The initial stages were difficult. The hospital had a team of eight people from iSOFT who were at the hospital for four months — including technical persons developing the interface, a team from Philips, who were the primary suppliers for modalities, a team of biomedical engineers, and various departmental users. While interfacing there were problems though, not major ones.

The Experience

The biggest challenge to any HIS system is resistance from the user. "However, the Artemis management was very clear with its vision to use EMR. Its message was very clear to all the doctors, the nurses, the technicians, front office, inventory and store employees," says Verghese. Dealing with doctors and nurses was a challenge. "There were nurses who had never touched a computer in their life and we had to plan their training accordingly," says Deep. Even the doctors were initially reluctant, but now they enter the data themselves.

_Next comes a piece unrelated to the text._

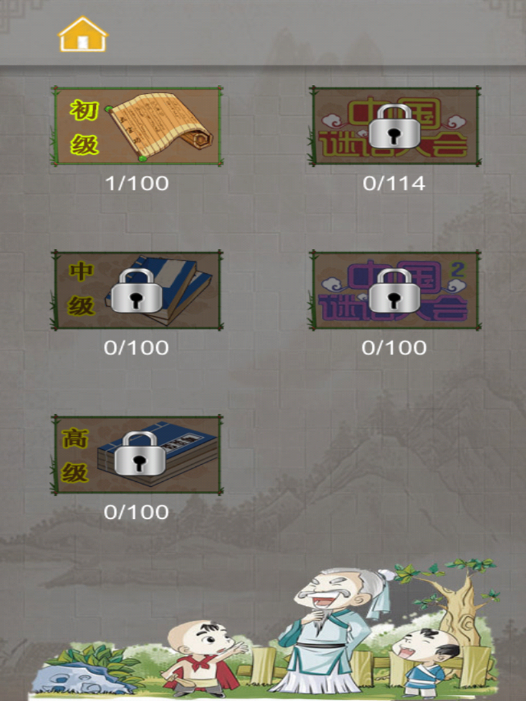 2. 难度由浅及深,有初级,中级,高级,和中国谜语大会1,中国谜语大会2。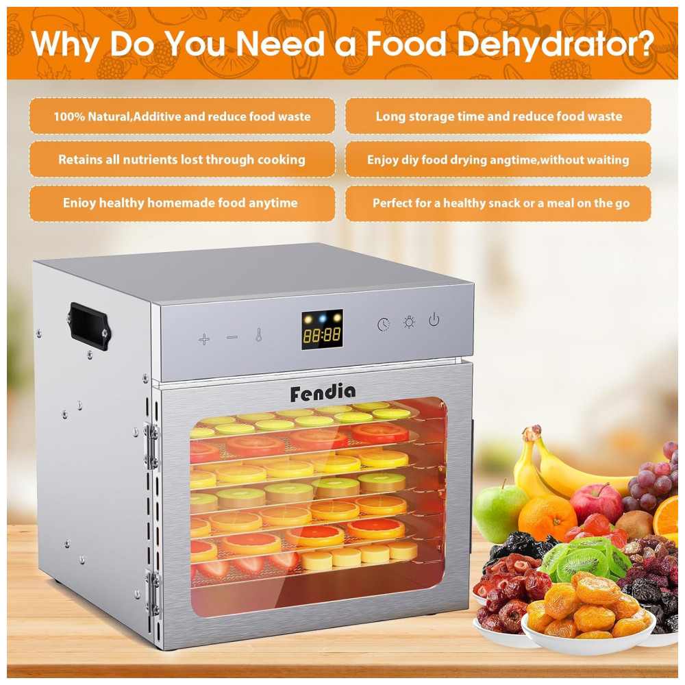 Desidratador de Alimentos para Jerky 8 Bandejas em Aço Inoxidável 600W Timer de 24H e Controle de TemperaturaFendia

"Initially when we started implementing, we did not have data, being a greenfield project. Each department was asked to collect and feed their own data into the system. This was done in a specific format provided by iSOFT. After the data was collected, it needed to be validated, checked and then entered. Laboratory and radiology departments entered all the data, so it worked well," says Deep. Other modules' data was entered by data entry operators, which took quite some time to correct.

The biggest challenge for any hospital using HIS is to impart training to the end-users. There were differences in opinion of the users. However, today nearly all the doctors are happily using the HIS with complete EMR available online at the click of a button.

Future Plans

Having already automised to such a large extent, AHI is planning to implement the portals for making online registrations, lab/investigation reservations, payment gateway and online information availability to the patients about his/ her complete health history in the hospital. "This is a priority for us and will be done by end of this year," assures Verghese.

Another plan is to integrate the TPAs online (as soon as TPAs are ready) with the HIS system so that the insurance approvals happen at minimum possible time and thereby minimise patient woes of waiting for the approvals before final settlement/ discharge.

The IT budget for the hospital project was Rs 6.5 crore, which was effectively used in equipping the hospital with TFT monitors and small desktop machines. Thus, there is no bulky equipment anywhere.

The hospital is truly reaping the benefits of the good IT system and making it reach the end user!